● Items from a data source:
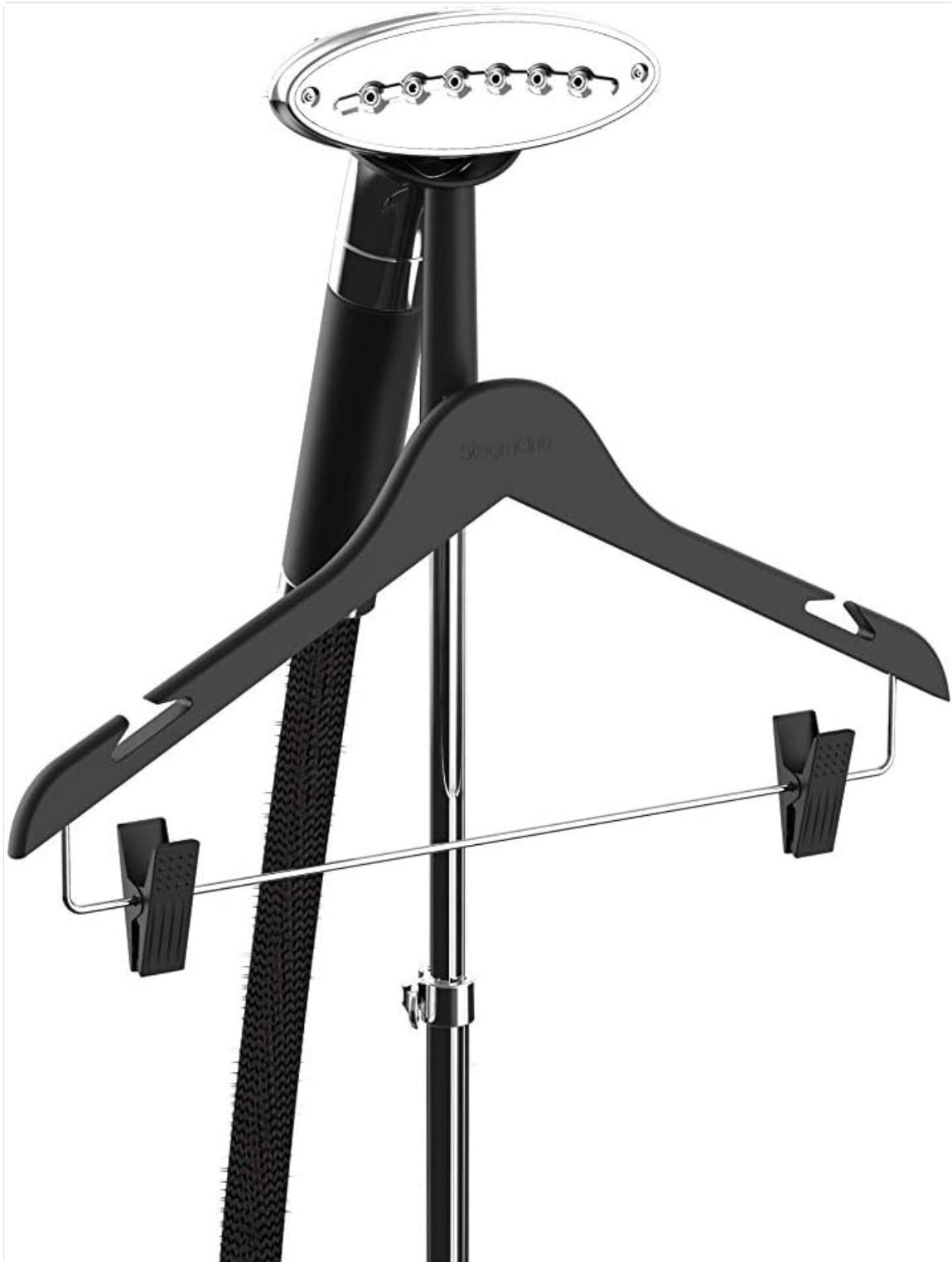
Image: Steam head and hanger accessory.
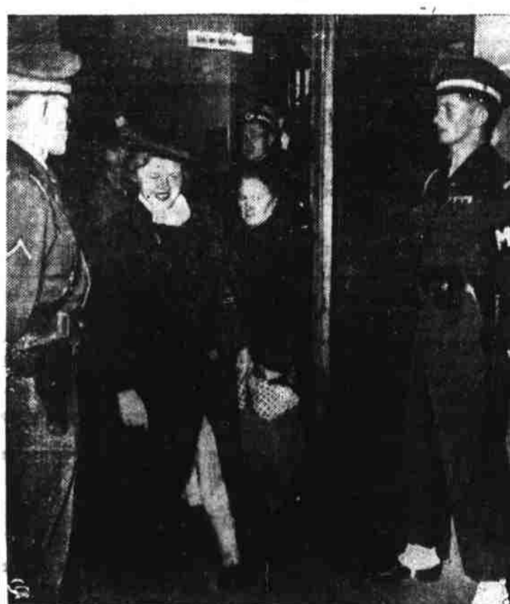
Flanked by two MP's and followed by a German prison matron, Ilse Koch, so-called "witch of Buchenwald" is released from a Landsberg, Germany, prison where she had served four years for alleged concentration camp atrocities. Her life sentence was reduced by American occupation authorities who reviewed revolting charges and decided the evidence was not conclusive. Her freedom was short lived, for she was immediately rearrested by German authorities who will try Ilse on charges of murdering 25 German-Jews.
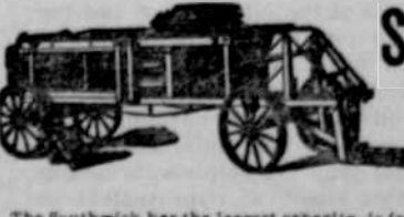
The Southwick has the largest capacity, is fastest and easiest worker of any Hay Press made. Send for catalogue. Mailed free.

Negotiations are in progress for fitting a certain number of light vessels round the coast of the British Islands with wireless telegraphy.
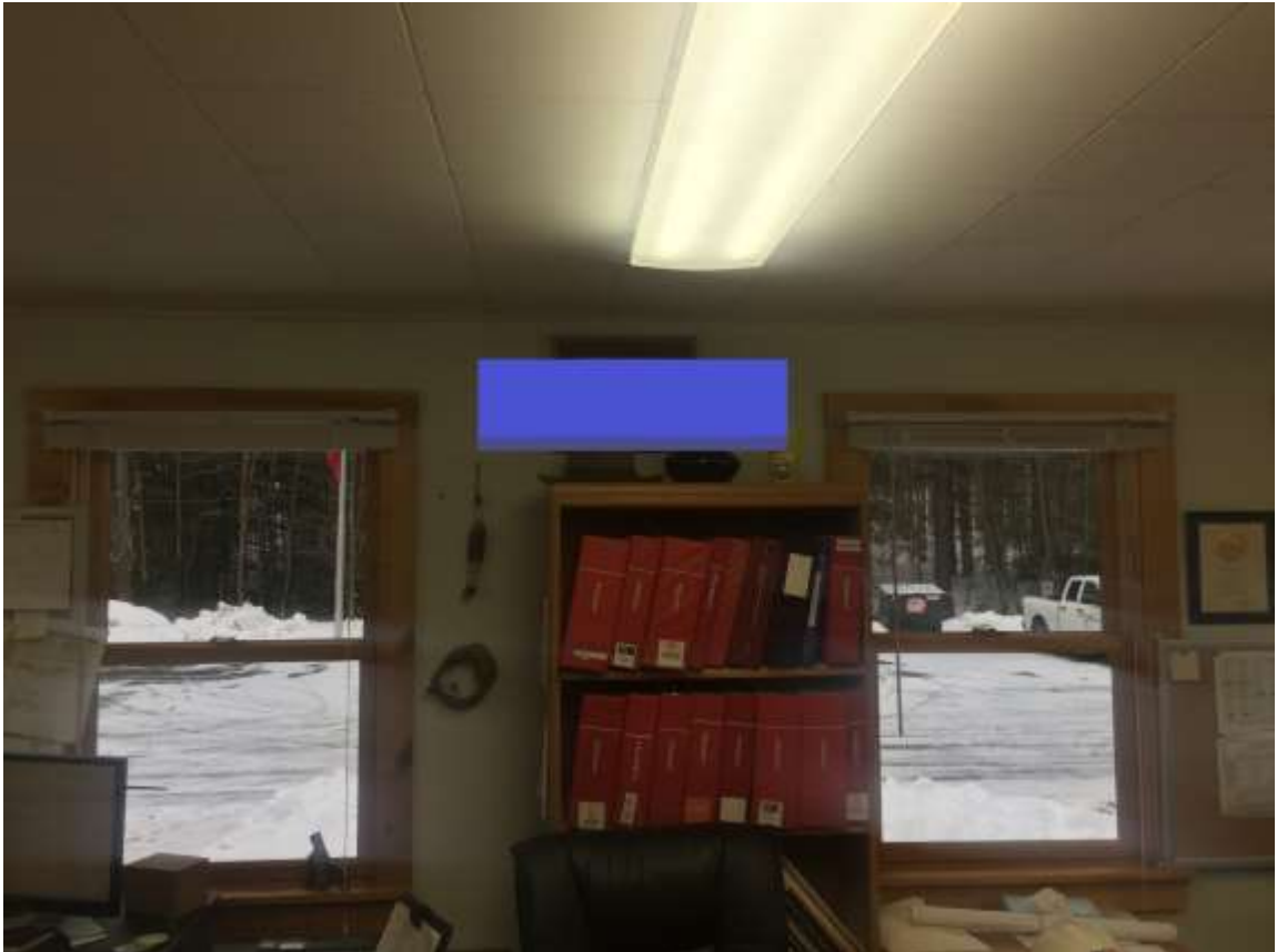
Informational Photo Ball Mountain Lake Office: Blue box represent possible installation location for interior unit 2.
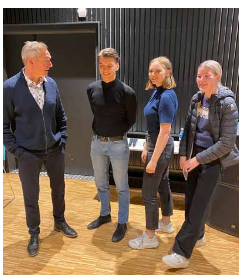
with the work on the white paper on the Arctic. Here Minister of Defence Frank Bakke-Jensen is talking to three young people from Kirkenes.
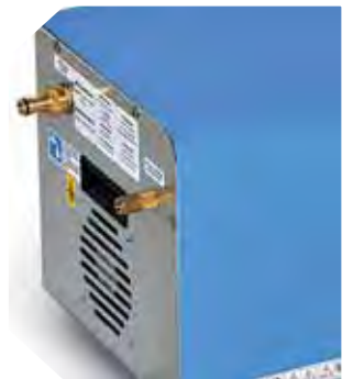
Detail of the intake of the cooling fan
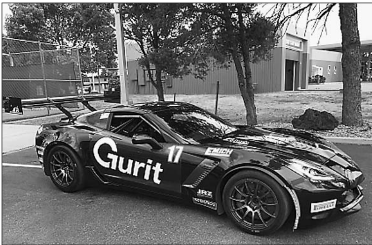
Rotek Racing's 2017 C7 Corvette Z06

the perfect event to demonstrate how our specially developed engine and parts add horsepower and overall performance in an extremely tough, competitive environment."
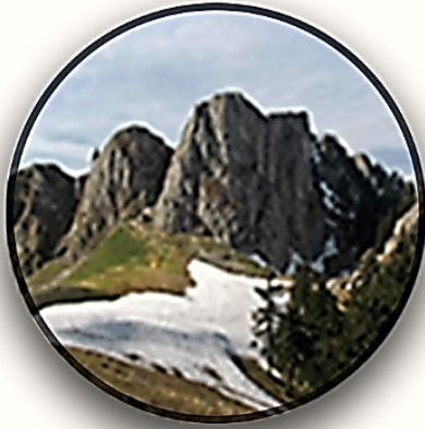
Figure 7. Buila Vanturarita
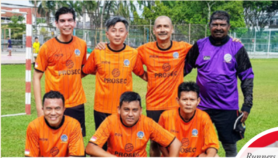
Members of the EA Soccer Team posing for a Team Photograph

Third edition of Malaysian Eurasian Games a show of good sportsmanship
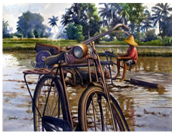
Title: Kerigat Size: 106 x 76.0 ,Media: Watercolor
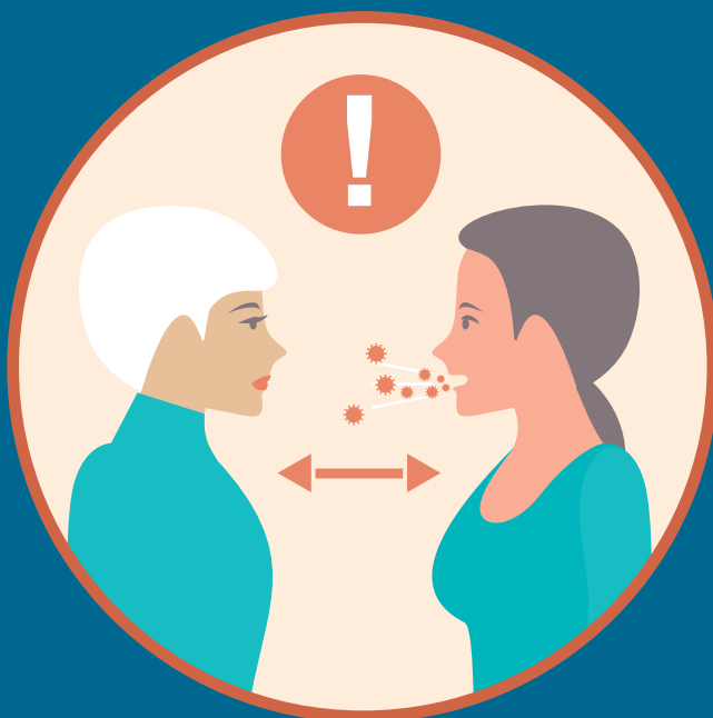
COUGH / EXHALE
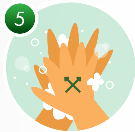
SCRUB BETWEEN YOUR FINGERS
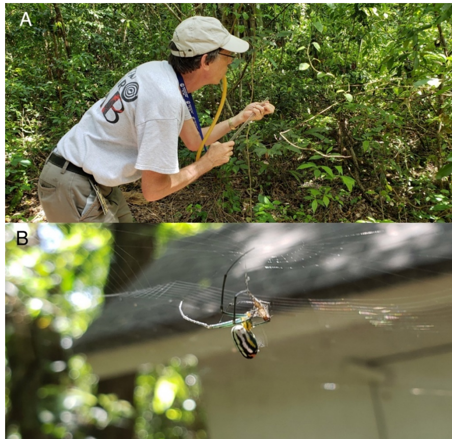
Figure 1. (A) In the mosquito handling procedure, mosquitoes were propelled toward the web with a light puff of air, being careful not to blow air directly at the spider. (B) An adult female L. argyrobapta subdues a mosquito ( W. vanduzeei ) that had been propelled into the web.

The mosquitoes we used were an even mix of wild Ae. aegypti , and Wyeomyia vanduzeei , captured locally with a BG-2 Sentinel trap (Biogents, Regensburg, Germany). Twenty-one webs were sprayed with permethrin and 16 with the acetone control. Using a mouth aspirator (John W. Hock Company, Gainesville, FL, USA), we aspirated five mosquitoes at random from the mosquito cage and propelled them toward an intact section of the web. Before conducting the trials, we practiced on untreated webs until we could reliably expel mosquitoes at the correct velocity to strike the web but not break the strands. Preliminary trials determined that undisturbed L. argyrobapta readily capture and consume any mosquito that sticks in the spiral web for at least three seconds (Figure 1). During the trials, we noted whether mosquitoes stuck to the web for 3+ s, whether the spider seized a stuck mosquito, and the latency for the spider to respond to the web strike.
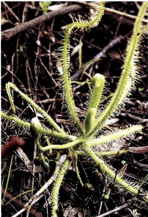
Figure 2: Typical Drosera indica from Narrabri.
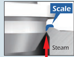
Scale is scraped off and flushed with steam by valve operation

When the valve cannot be fully closed due to rust and scale build-up on the valve head or seat, simple and effective in-line scale removal restores steam tight sealing performance.
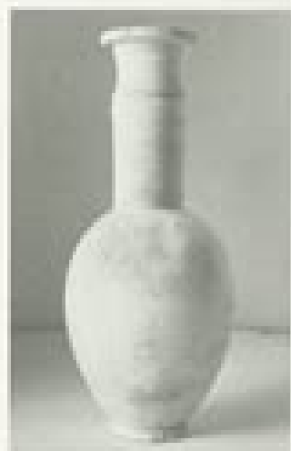
37. One large vessel, 38, long neck, 39, short neck.
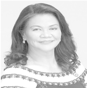
Rep. Dahlia Loyola
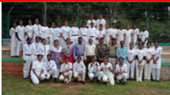
South Zone RD Parade Camp
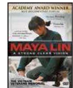
MAYA LIN: A STRONG CLEAR VISION

Distributed in the U.S. by New Video 902 Broadway, 9th fl, New York, NY 10010 Tel: (212) 206-8600 E-mail: info@newvideo.com
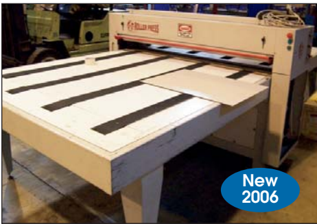
INDUSCO 63" ROLLER PRESS DIE CUTTER

● What you need to do:
Would you set down only the lines above from the line with "Negotiations are in" to the line with "Detail of the intake of the cooling fan", both included, exactly as they stand and without the pictures?

● Task answer:
Negotiations are in progress for fitting a certain number of light vessels round the coast of the British Islands with wireless telegraphy.
Informational Photo Ball Mountain Lake Office: Blue box represent possible installation location for interior unit 2.
with the work on the white paper on the Arctic. Here Minister of Defence Frank Bakke-Jensen is talking to three young people from Kirkenes.
Detail of the intake of the cooling fan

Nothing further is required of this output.